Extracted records
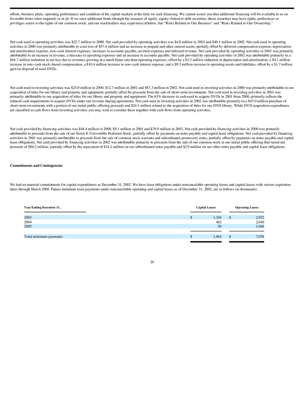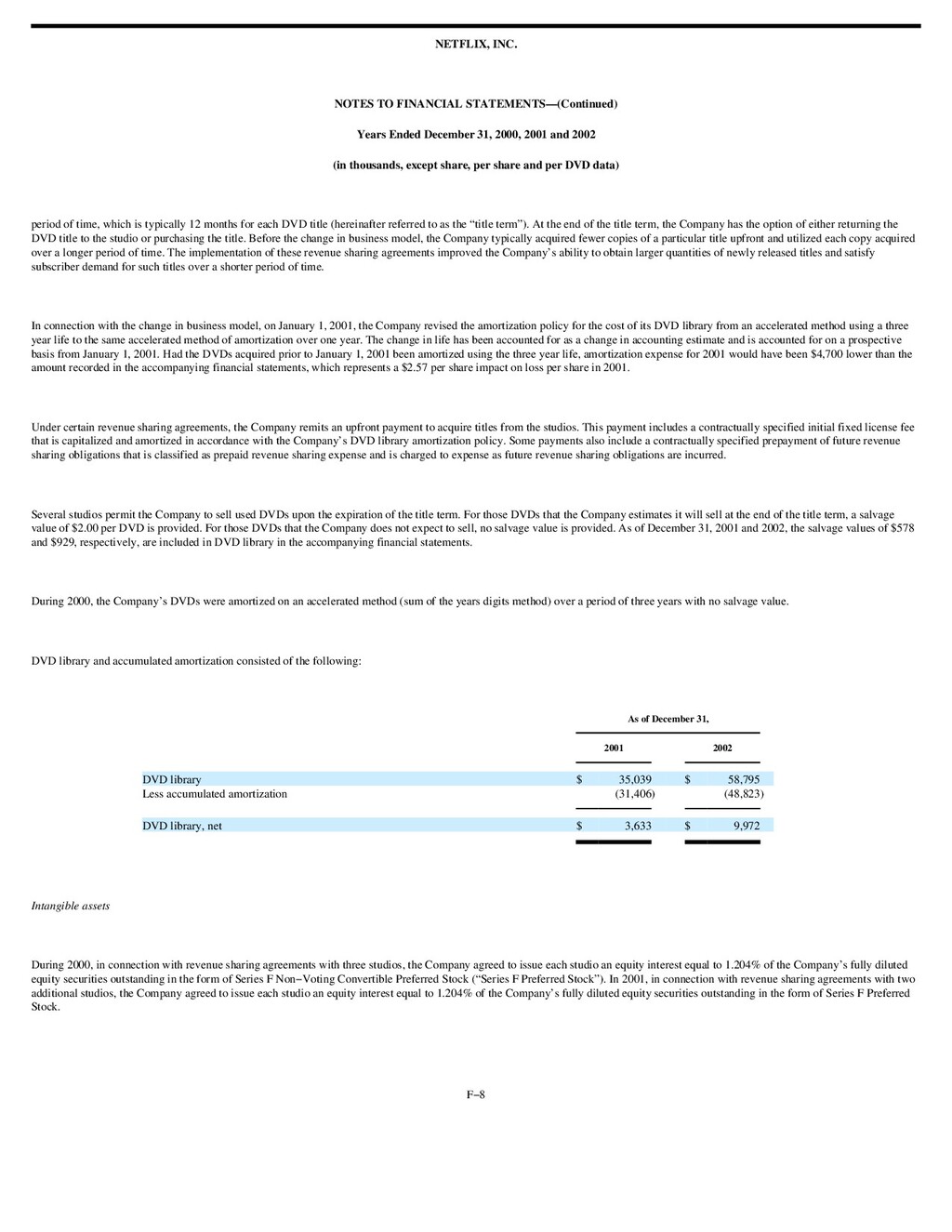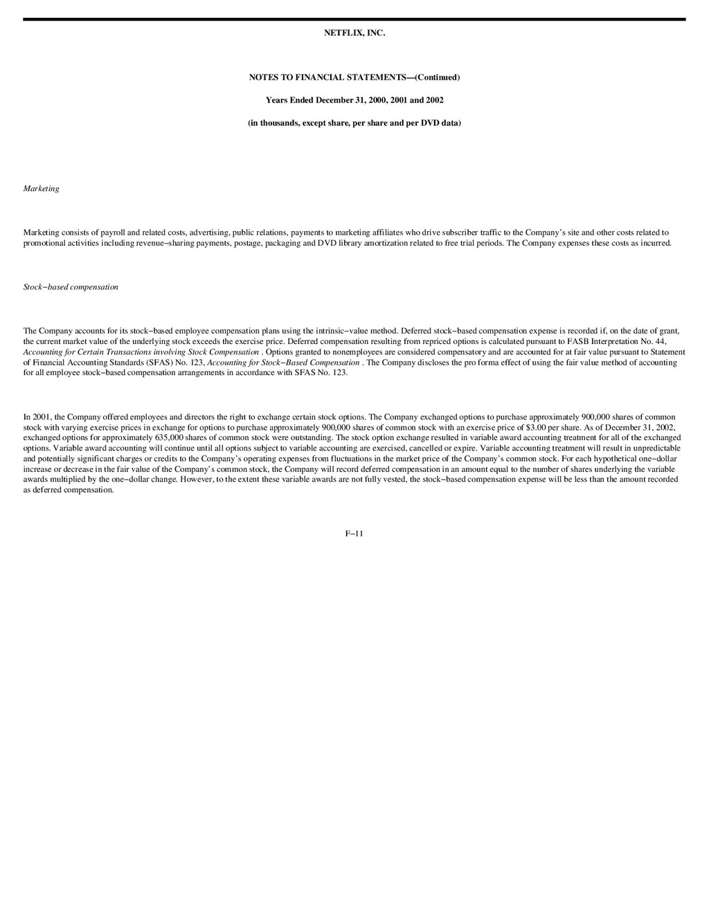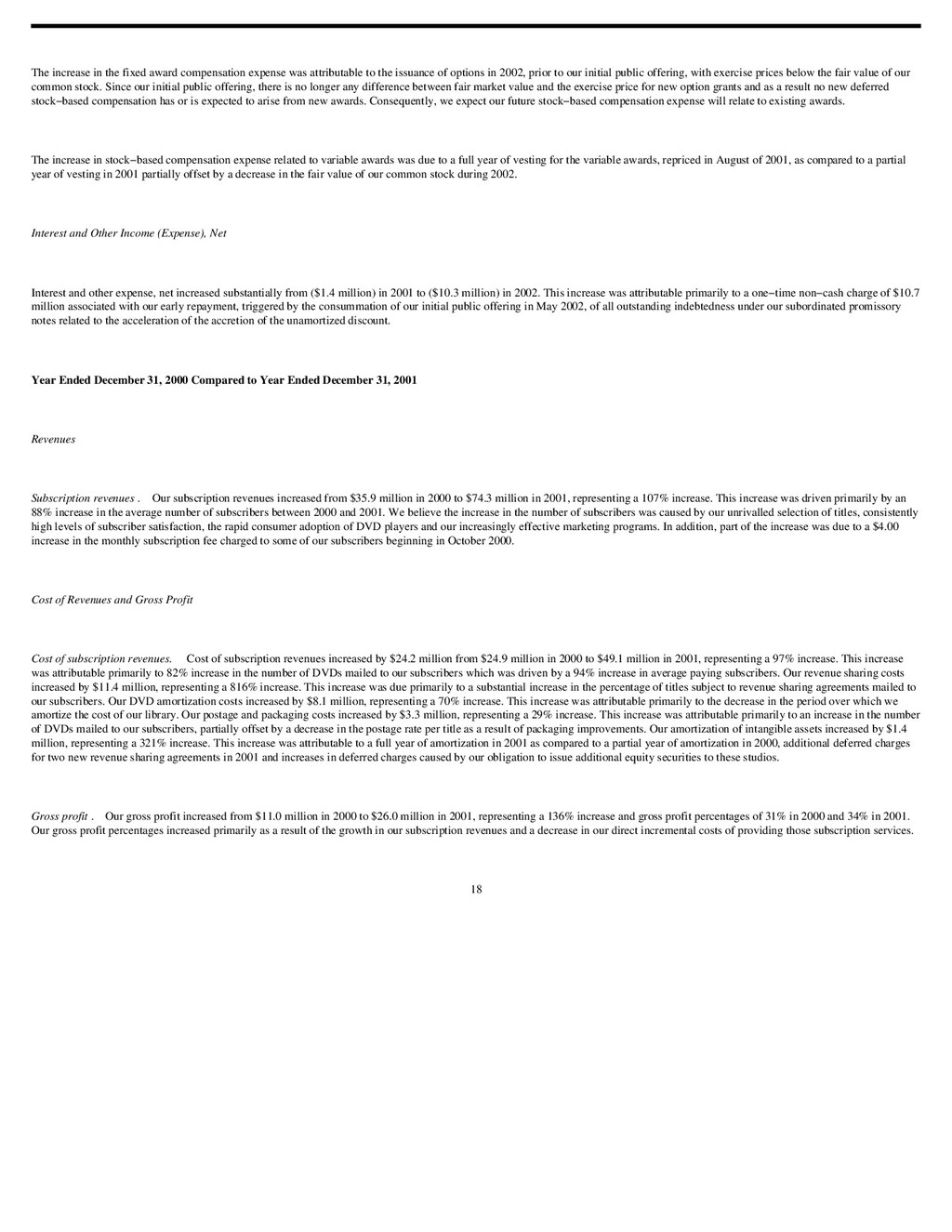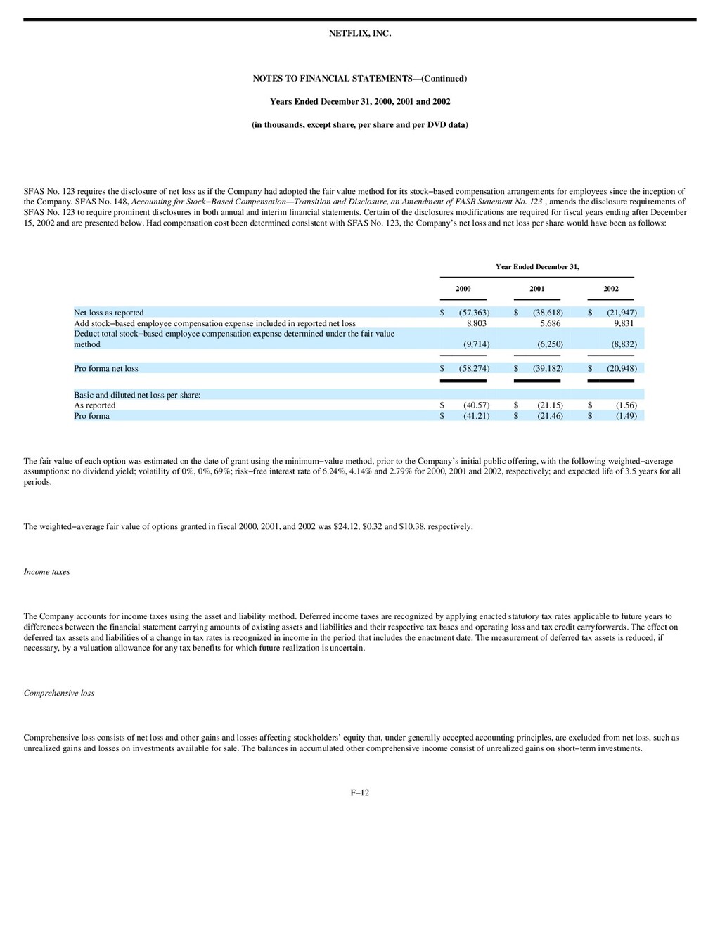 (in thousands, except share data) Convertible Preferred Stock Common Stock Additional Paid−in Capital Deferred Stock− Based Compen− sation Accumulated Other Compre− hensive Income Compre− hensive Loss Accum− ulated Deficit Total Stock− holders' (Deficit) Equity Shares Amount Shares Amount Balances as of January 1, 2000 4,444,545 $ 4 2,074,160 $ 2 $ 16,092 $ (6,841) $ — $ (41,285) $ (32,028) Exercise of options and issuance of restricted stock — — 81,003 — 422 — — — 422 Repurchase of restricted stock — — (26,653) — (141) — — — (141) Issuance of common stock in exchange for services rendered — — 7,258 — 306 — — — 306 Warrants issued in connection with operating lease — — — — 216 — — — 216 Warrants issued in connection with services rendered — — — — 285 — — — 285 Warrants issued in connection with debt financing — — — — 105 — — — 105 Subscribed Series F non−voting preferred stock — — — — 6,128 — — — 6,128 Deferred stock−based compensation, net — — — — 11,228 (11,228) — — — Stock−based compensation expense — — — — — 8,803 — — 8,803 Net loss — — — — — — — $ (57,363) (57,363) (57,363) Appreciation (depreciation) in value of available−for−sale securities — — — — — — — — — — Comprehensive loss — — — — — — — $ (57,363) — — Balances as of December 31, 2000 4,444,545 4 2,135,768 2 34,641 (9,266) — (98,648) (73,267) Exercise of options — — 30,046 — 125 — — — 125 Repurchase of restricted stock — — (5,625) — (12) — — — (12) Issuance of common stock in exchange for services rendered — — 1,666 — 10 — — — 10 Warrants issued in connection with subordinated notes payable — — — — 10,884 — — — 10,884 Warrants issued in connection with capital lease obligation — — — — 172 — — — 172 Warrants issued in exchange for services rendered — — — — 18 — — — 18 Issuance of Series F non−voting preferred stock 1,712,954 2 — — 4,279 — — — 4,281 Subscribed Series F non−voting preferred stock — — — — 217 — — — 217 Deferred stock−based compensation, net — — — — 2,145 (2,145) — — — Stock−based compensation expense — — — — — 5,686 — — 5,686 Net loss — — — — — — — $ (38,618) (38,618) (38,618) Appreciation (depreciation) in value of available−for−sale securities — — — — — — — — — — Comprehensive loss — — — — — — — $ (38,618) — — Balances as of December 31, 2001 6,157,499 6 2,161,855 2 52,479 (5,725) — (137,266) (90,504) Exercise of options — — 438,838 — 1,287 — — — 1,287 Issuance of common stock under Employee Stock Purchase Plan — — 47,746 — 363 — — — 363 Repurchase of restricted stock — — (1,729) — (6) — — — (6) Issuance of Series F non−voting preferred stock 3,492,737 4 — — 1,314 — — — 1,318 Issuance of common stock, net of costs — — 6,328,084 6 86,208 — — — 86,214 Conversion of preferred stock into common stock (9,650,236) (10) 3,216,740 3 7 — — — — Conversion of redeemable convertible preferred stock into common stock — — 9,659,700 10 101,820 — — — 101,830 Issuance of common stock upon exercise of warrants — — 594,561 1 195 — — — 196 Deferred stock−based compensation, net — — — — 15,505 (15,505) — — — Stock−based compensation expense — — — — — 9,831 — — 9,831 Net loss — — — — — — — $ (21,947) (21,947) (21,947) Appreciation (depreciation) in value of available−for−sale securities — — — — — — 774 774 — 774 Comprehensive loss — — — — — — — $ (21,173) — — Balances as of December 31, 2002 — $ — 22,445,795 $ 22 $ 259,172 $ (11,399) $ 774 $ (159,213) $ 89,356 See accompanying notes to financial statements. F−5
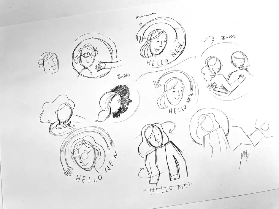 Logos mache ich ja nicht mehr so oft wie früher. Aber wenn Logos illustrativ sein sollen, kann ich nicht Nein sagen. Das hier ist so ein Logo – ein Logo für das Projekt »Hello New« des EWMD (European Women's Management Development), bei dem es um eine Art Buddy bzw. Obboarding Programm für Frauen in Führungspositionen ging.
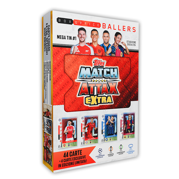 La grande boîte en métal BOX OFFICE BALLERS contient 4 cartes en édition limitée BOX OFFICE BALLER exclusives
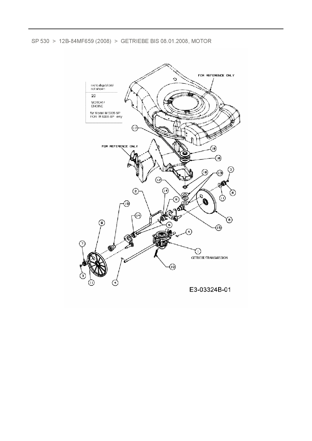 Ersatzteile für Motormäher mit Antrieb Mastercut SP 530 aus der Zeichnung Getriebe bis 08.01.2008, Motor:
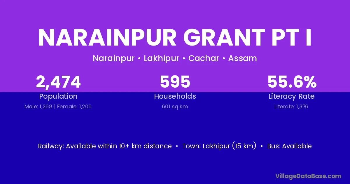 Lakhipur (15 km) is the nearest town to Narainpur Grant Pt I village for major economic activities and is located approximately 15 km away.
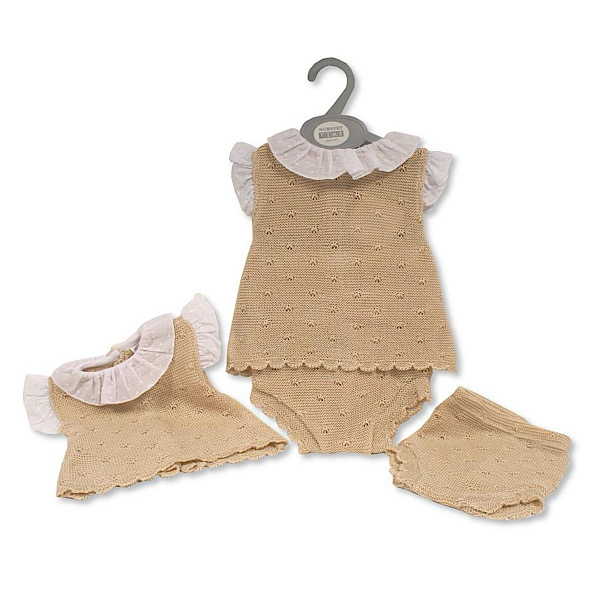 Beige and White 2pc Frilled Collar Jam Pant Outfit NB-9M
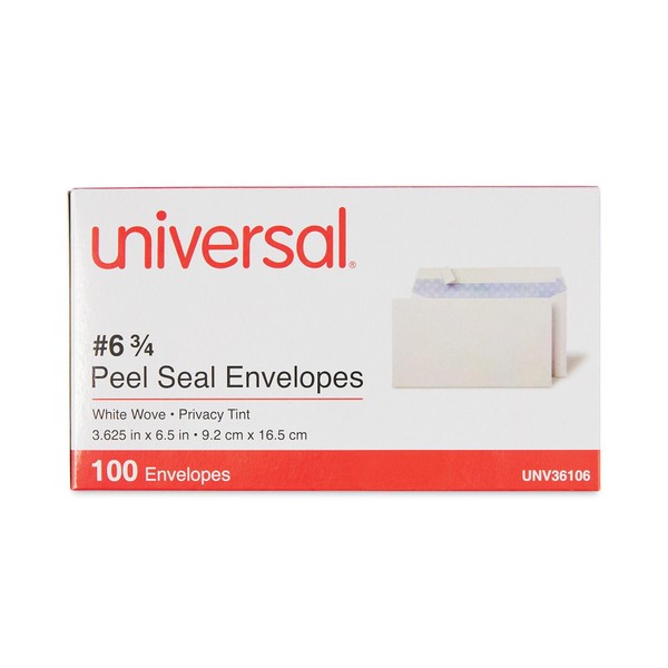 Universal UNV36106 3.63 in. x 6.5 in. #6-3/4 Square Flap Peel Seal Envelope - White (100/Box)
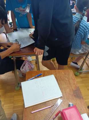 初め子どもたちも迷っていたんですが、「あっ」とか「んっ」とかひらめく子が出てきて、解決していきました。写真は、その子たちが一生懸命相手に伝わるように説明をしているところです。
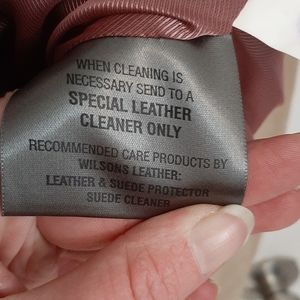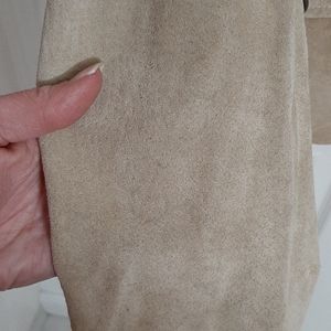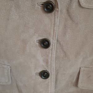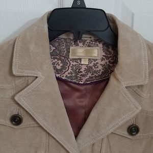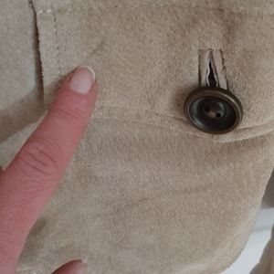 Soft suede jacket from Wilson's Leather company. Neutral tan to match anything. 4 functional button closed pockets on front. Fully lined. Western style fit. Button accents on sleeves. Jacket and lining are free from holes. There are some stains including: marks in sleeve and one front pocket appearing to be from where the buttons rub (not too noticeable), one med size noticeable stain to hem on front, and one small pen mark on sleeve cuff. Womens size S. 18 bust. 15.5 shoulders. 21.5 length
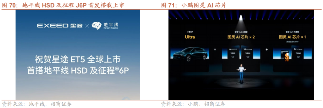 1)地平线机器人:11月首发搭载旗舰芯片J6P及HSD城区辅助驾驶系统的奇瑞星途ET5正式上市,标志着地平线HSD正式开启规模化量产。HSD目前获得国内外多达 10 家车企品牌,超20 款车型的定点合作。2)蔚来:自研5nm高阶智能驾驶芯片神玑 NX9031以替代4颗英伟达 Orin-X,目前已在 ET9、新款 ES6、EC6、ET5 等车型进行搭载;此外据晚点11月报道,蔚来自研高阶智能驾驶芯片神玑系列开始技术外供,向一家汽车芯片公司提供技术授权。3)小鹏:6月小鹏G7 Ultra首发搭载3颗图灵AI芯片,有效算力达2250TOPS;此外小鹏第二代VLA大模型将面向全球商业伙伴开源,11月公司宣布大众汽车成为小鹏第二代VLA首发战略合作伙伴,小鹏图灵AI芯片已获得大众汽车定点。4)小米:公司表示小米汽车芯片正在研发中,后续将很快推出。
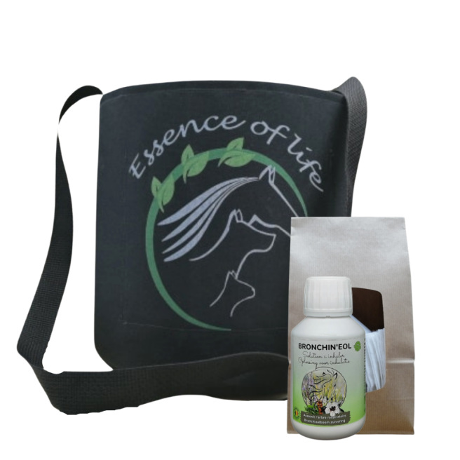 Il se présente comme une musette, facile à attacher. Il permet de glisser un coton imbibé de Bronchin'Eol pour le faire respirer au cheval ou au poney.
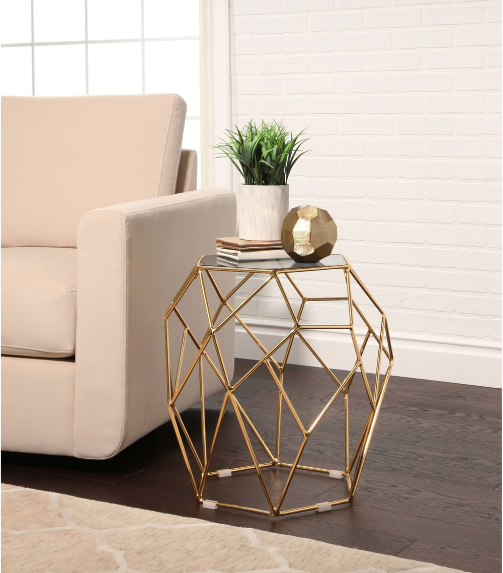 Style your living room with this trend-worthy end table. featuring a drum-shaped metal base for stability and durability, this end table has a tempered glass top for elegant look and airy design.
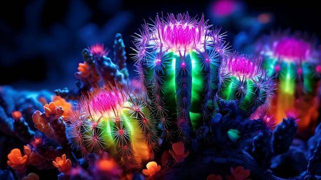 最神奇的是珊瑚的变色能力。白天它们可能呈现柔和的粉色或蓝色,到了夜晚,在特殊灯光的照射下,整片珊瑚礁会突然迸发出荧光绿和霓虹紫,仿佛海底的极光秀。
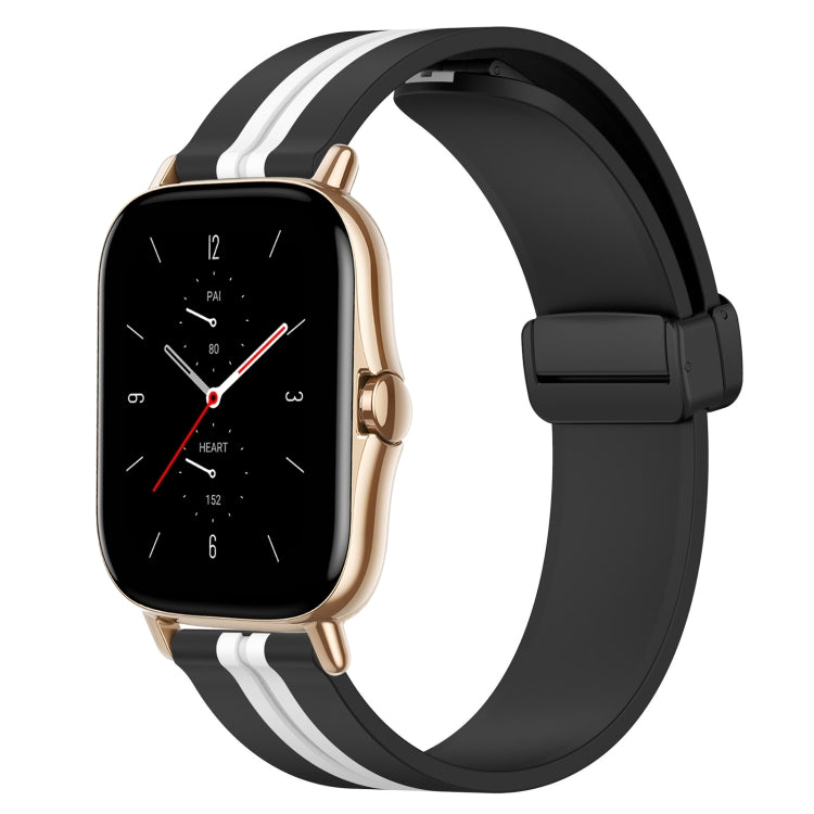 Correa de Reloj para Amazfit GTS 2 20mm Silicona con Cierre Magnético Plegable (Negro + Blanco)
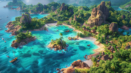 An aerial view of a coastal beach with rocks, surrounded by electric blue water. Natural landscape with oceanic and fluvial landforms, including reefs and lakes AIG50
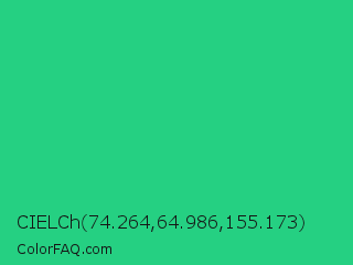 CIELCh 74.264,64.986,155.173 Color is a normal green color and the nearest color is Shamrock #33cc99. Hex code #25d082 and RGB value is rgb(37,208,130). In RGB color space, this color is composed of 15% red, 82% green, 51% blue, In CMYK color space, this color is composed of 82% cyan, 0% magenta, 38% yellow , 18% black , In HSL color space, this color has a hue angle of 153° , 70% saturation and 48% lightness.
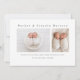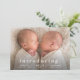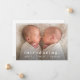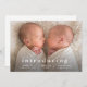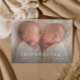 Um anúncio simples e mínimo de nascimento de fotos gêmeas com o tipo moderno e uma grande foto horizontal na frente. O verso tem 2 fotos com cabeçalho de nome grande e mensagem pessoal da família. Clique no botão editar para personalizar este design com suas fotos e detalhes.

*PROBLEM TO SOLVE*
Going by the data above, the answer is exactly the lines from the one holding "Logos mache ich" to the one holding "Soft suede jacket", both kept, with the pictures left out.

*SOLUTION BELOW*
 Logos mache ich ja nicht mehr so oft wie früher. Aber wenn Logos illustrativ sein sollen, kann ich nicht Nein sagen. Das hier ist so ein Logo – ein Logo für das Projekt »Hello New« des EWMD (European Women's Management Development), bei dem es um eine Art Buddy bzw. Obboarding Programm für Frauen in Führungspositionen ging.
 La grande boîte en métal BOX OFFICE BALLERS contient 4 cartes en édition limitée BOX OFFICE BALLER exclusives
 Ersatzteile für Motormäher mit Antrieb Mastercut SP 530 aus der Zeichnung Getriebe bis 08.01.2008, Motor:
 Lakhipur (15 km) is the nearest town to Narainpur Grant Pt I village for major economic activities and is located approximately 15 km away.
 Beige and White 2pc Frilled Collar Jam Pant Outfit NB-9M
 Universal UNV36106 3.63 in. x 6.5 in. #6-3/4 Square Flap Peel Seal Envelope - White (100/Box)
 初め子どもたちも迷っていたんですが、「あっ」とか「んっ」とかひらめく子が出てきて、解決していきました。写真は、その子たちが一生懸命相手に伝わるように説明をしているところです。
 Soft suede jacket from Wilson's Leather company. Neutral tan to match anything. 4 functional button closed pockets on front. Fully lined. Western style fit. Button accents on sleeves. Jacket and lining are free from holes. There are some stains including: marks in sleeve and one front pocket appearing to be from where the buttons rub (not too noticeable), one med size noticeable stain to hem on front, and one small pen mark on sleeve cuff. Womens size S. 18 bust. 15.5 shoulders. 21.5 length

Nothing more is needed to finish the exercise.